**What to work on:**
Give back each line of the data exactly as it reads, minus the pictures.

**Data excerpt:**
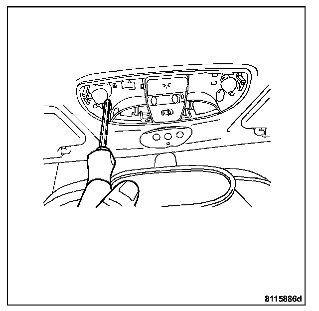 3. Remove the retaining screws and lower the courtesy lamp switch/unit from the headliner opening.
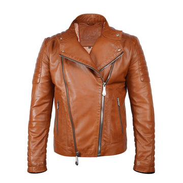 Crafted from premium lamb leather, this tan leather jacket blends timeless style with refined detailing....
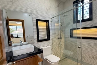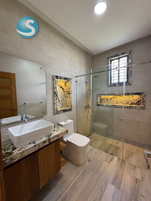 Casa en venta en proyecto exclusivo Construcción: 310 m² Terreno: 440 m² Primer nivel: • 3 habitaciones • Habitación principal con baño y walk-in closet • Baño común para habitaciones secundarias • Medio baño para visitas • Oficina • Sala • Comedor • Cocina • Área de lavado • Habitación de servicio con baño • Amplio patio con kiosko equipado • Marquesina para 4 vehículos Segundo nivel: • Amplia terraza con vista al área verde del proyecto • Bar Precio de venta: US$430,000

**Exercise answer:**
 3. Remove the retaining screws and lower the courtesy lamp switch/unit from the headliner opening.
 Crafted from premium lamb leather, this tan leather jacket blends timeless style with refined detailing....
 Casa en venta en proyecto exclusivo Construcción: 310 m² Terreno: 440 m² Primer nivel: • 3 habitaciones • Habitación principal con baño y walk-in closet • Baño común para habitaciones secundarias • Medio baño para visitas • Oficina • Sala • Comedor • Cocina • Área de lavado • Habitación de servicio con baño • Amplio patio con kiosko equipado • Marquesina para 4 vehículos Segundo nivel: • Amplia terraza con vista al área verde del proyecto • Bar Precio de venta: US$430,000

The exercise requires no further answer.